Note first though that the previous excuse was that if they only had more easy-to-access cash they'd sure be JC'ing the devil out of the economy, leading the recovery. Chicken lips, I say to that too.
Search for job creator and get thousands of hits. Even narrowed with an additional term like statistics, research or even the more loaded myth, the term is well covered. Try this one, or this one, or this one, as just a few examples. The fact is that considering facts, academicians, statisticians and even the occasional billionaire capitalist ridicule the JC fantasy.
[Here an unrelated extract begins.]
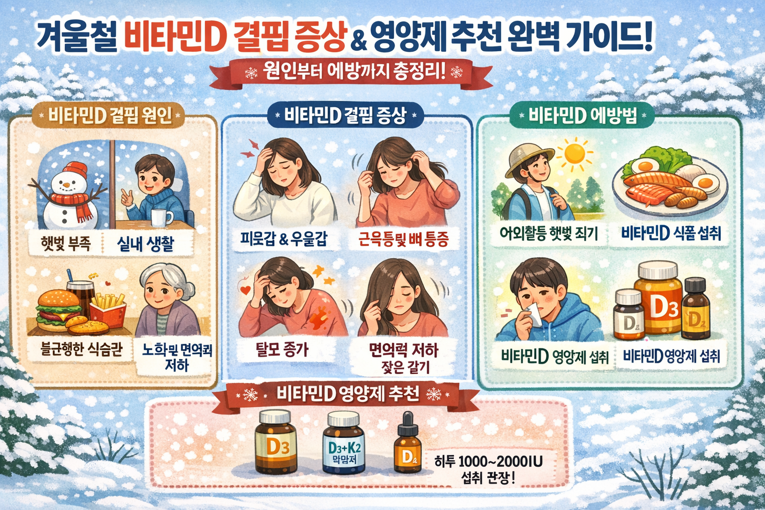 안녕하세요, 여러분! 건강과 웰빙을 위한 실질적인 팁을 공유하는 블로그 '레아'입니다. 추운 2026년 겨울이 본격적으로 시작되면서, 많은 분들이 피로감과 무기력을 느끼고 계실 텐데요. 이는 겨울철 비타민D 결핍 때문일 가능성이 큽니다. 비타민D는 햇빛으로 합성되는 영양소로, 일조량이 적은 겨울에 결핍이 흔히 발생하죠. 오늘 포스팅에서는 2026년 최신 정보를 바탕으로 겨울철 비타민D 결핍 증상, 원인, 영양제 추천, 섭취 팁까지 상세히 정리해 보았어요. 이 가이드로 여러분의 겨울 건강을 지키시길 바랍니다. 그럼 함께 알아볼까요?
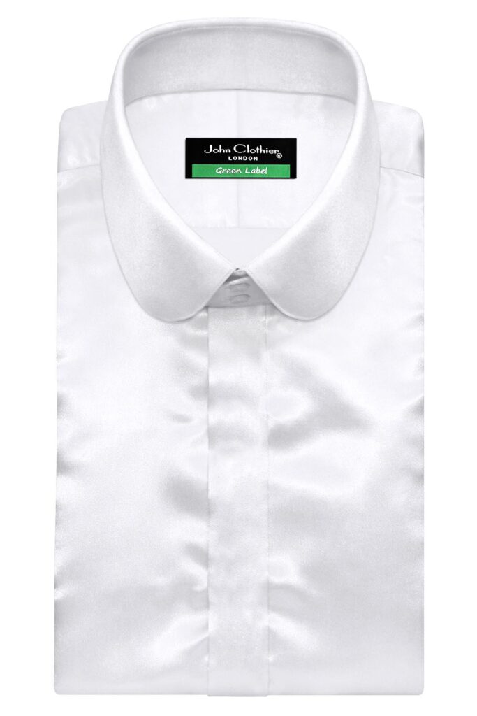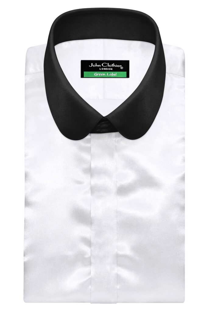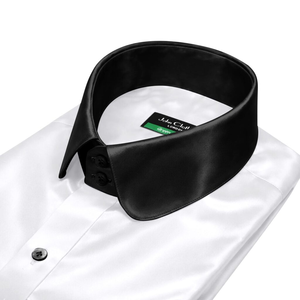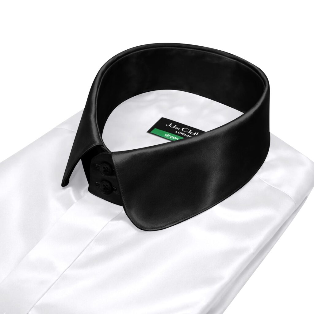 Black Silky Satin Contrast High Penny 2 Button Collar

Best I can come up with here is that those who choice to accept that rich companies and people do create jobs willingly is either:
- an aspiration for public office and the subsequent financial support from business owners and PACs, or
- a paternalistic need to believe that some rich father figure will look out for you because you can't survive without that
Many commentators, economists and scholars are quick to point out that creating jobs is coincidental to capitalism. The fewer employees you have, the lower your expenses and if your business is properly managed and selling the right stuff, the higher for margins and absolute dollar returns.
Job Stiflers
You have to be somewhat patriotic and some visionary to make jobs in this country and to pay decent wages. What those same observers also note is that America grew into a great economic power after the Great Depression and WWII because of the patriotic and visionary shared ideals related to a vibrant middle class. More consumers with more money works. Finding a billion poor customers half-way round the globe does nothing for Americans, just for the business owners.
Oddly enough, back at the start of the 20th Century, a few hard-nosed magnates got it. Henry Ford, for one, declared he wanted to pay his workers enough that they could afford the cars they built. In this same era up until recently that attitude was widespread in Europe too, with many companies defining their level of success by how many workers they employed.
Lackaday, in this Great Recession and stumbling recovery, the JCes have failed us, badly failed us.
If they were in fact out there expanding, starting up companies and even retaining their employees, we'd be well on the way to extremely low unemployment and high consumer demand. Instead, when they got lots of cash, they sat on it for interest or invested it overseas. They pretended that onerous regulations and taxes (there weren't any added in this red herring) kept them from hiring.
They, as a group, are unpatriotic and cowardly. They are unwilling to share in the effort of recovery. They are too gutless to do what they claim to live for — take risks and create jobs.